### Goal of the exercise
Pictures in the entries below are excluded; copy only the lines from the one containing "Father and daughter" to the one containing "D'vine Dev 4", both included.

### Available data
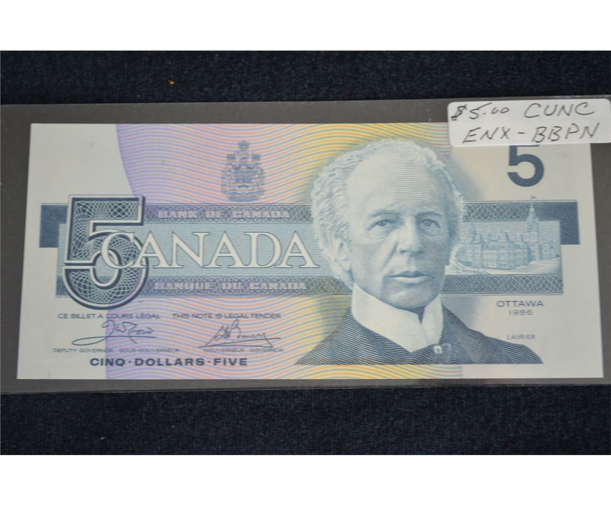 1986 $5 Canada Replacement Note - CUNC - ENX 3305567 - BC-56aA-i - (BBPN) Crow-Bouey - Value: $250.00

...

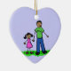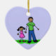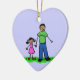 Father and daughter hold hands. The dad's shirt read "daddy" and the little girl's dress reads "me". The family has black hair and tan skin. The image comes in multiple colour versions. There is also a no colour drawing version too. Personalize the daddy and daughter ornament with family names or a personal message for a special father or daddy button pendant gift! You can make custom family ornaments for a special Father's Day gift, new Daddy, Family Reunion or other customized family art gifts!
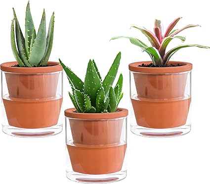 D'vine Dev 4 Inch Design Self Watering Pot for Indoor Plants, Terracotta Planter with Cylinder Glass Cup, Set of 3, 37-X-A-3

### The completed task
 Father and daughter hold hands. The dad's shirt read "daddy" and the little girl's dress reads "me". The family has black hair and tan skin. The image comes in multiple colour versions. There is also a no colour drawing version too. Personalize the daddy and daughter ornament with family names or a personal message for a special father or daddy button pendant gift! You can make custom family ornaments for a special Father's Day gift, new Daddy, Family Reunion or other customized family art gifts!
 D'vine Dev 4 Inch Design Self Watering Pot for Indoor Plants, Terracotta Planter with Cylinder Glass Cup, Set of 3, 37-X-A-3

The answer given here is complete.